Since in the denominator the R-squared term should tend to overwhelm the one, it should cancel out the R-squared term in the numerator leaving this. However, I still don't understand how to show that this contributes and infinitesimal amount to the contour integral and as such can be ignored.

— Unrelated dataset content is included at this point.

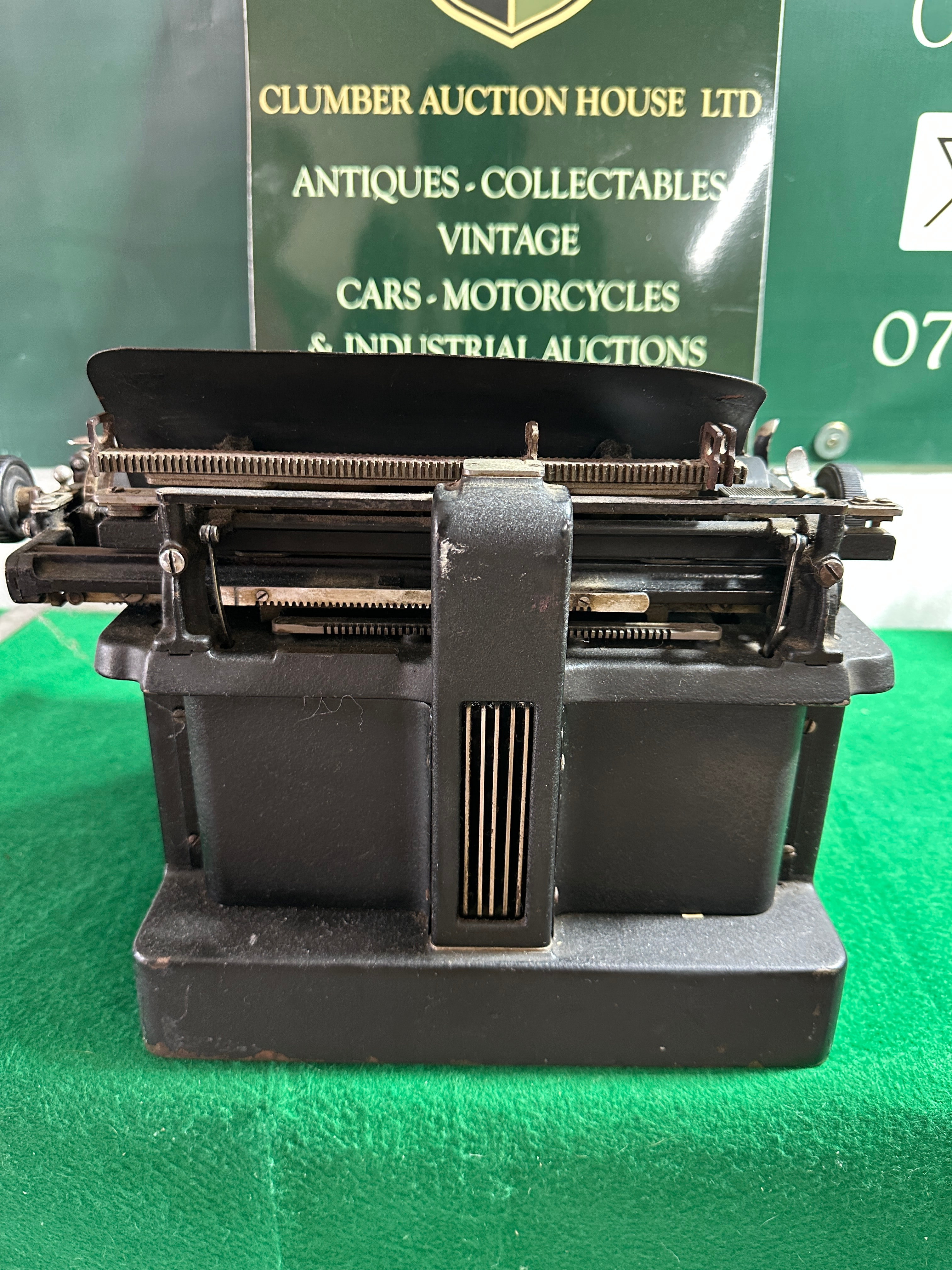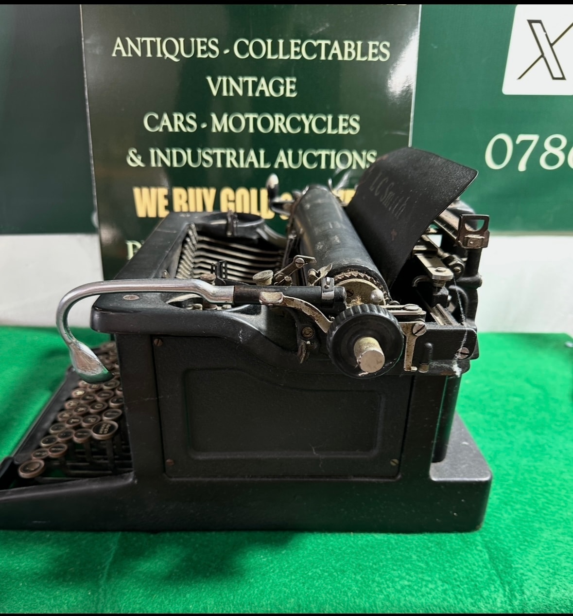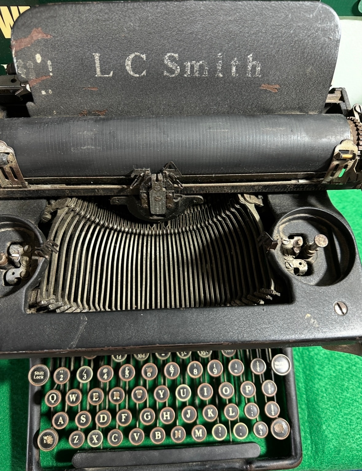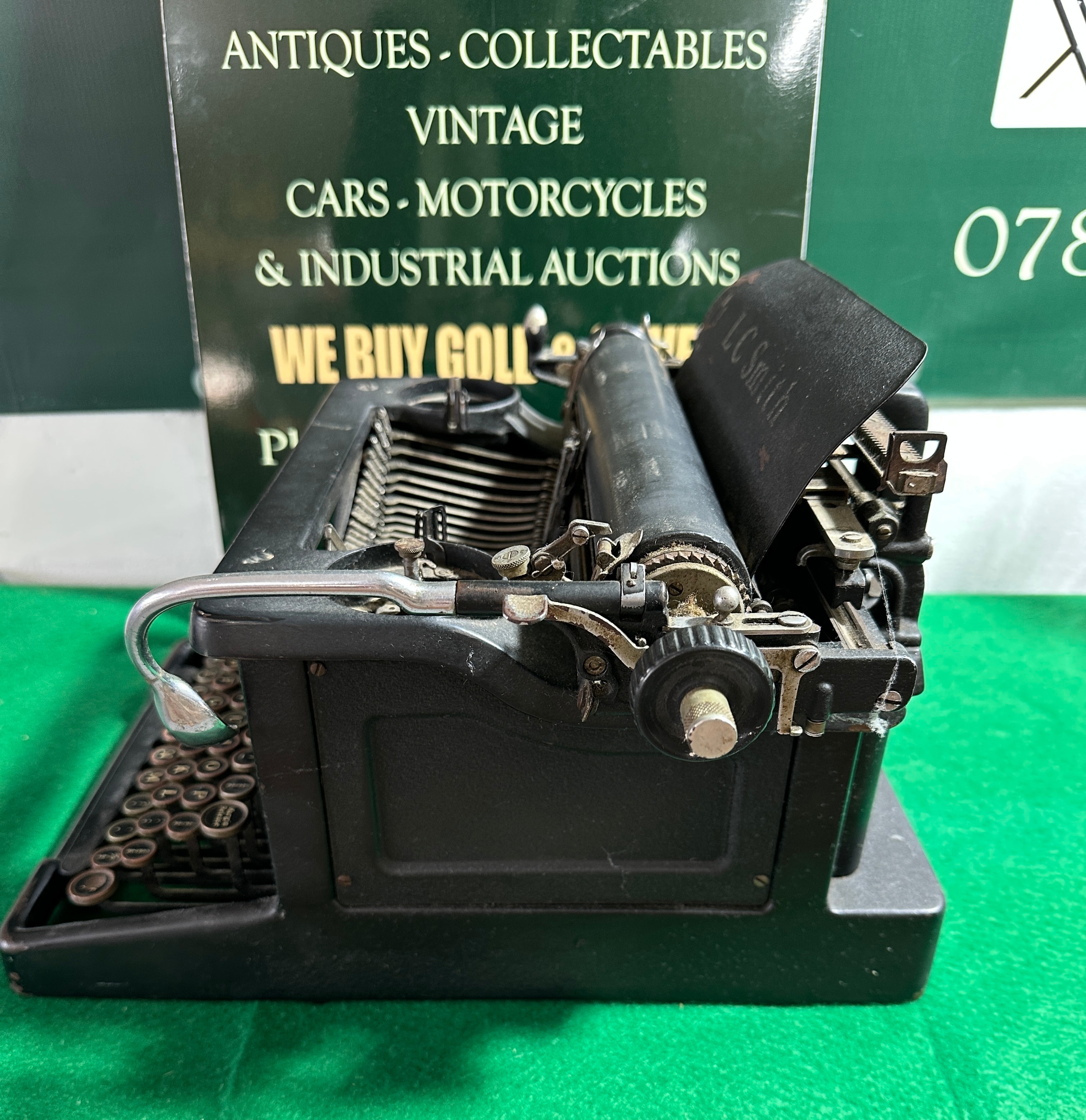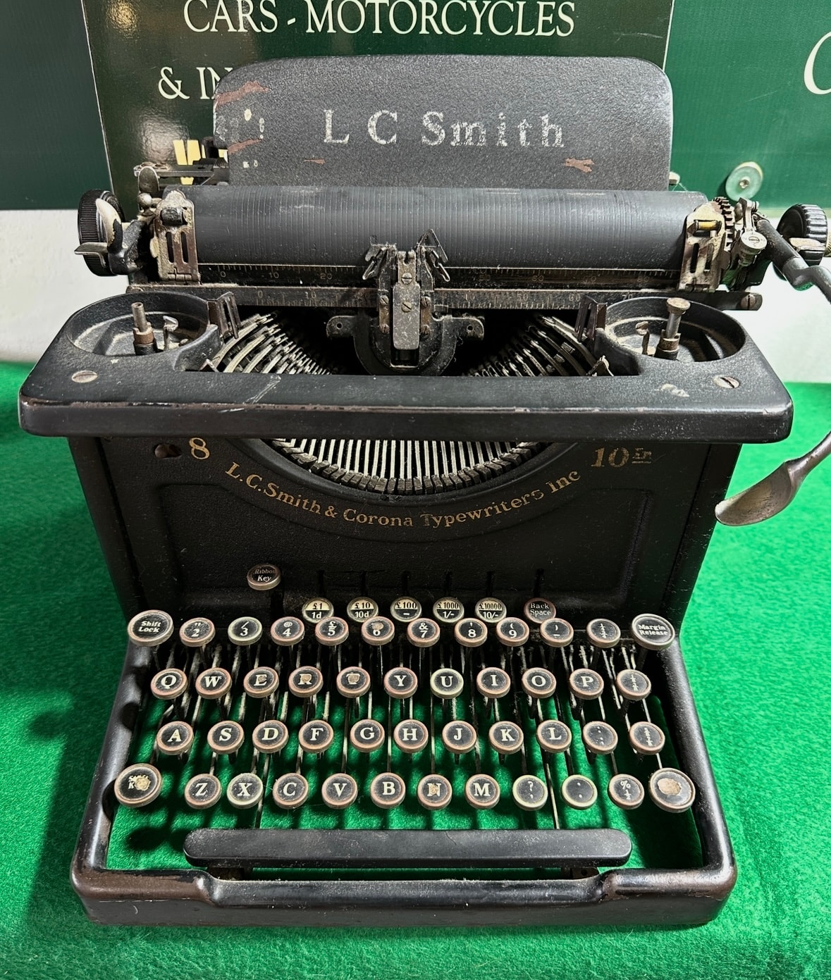 A vintage L. C. Smith & Corona No. 8 desktop typewriter, primarily constructed from black-painted metal with visible chrome or nickel-plated internal mechanisms and a rubber platen. The machine features a standard QWERTY keyboard. Clearly visible markings include “L. C. Smith” on the back paper guide and “L. C. Smith & Corona Typewriters Inc” on the front frame, alongside a visible “8” and “10” marking.

If this is entirely wrong, then I must have misunderstood something. If it is, how would you go about properly proving that the arc contributes nothing to the contour?

Edit

Starting off with the last line: Is it reasonable to say:

lim_{R \rightarrow \infty} \int_{0}^{\pi} \frac{1}{2} e^{iaRe^{i \theta}}d\theta = lim_{R \rightarrow \infty} \int_{0}^{\pi} \frac{1}{2} e^{iae^{i \theta}}^{R} d\theta

And just focusing on the integrand:

e^{iae^{i \theta}}^{R} = e^{ia(cos(\theta)+i sin(\theta))}^{R} = e^{iacos(\theta) - asin(\theta)}^{R} = e^{iRacos(\theta)} e^{-R asin(\theta)}

lim_{R \rightarrow \infty} e^{-R asin(\theta)} e^{iRacos(\theta)} = (0) e^{iRacos(\theta)} = 0

And since the integrand is zero, the actual arc integral is likewise zero. Does this work, or am I completely off?

 

[Dick]

Oh, I see. Thanks for repeating that enough times that I finally get it. You are getting there with your last comment. |exp(iaz)|<=exp(-aRsin(theta)) which approaches zero as R->infinity if a*sin(theta)>0. That's why the half plane to close in has to be associated to the sign of a. And it's the exponential that forces the arc contribution to zero, even though counting R's in the numerator and the denominator from the other factors doesn't do it.

 

[Piamedes]

Thanks, that solves my problem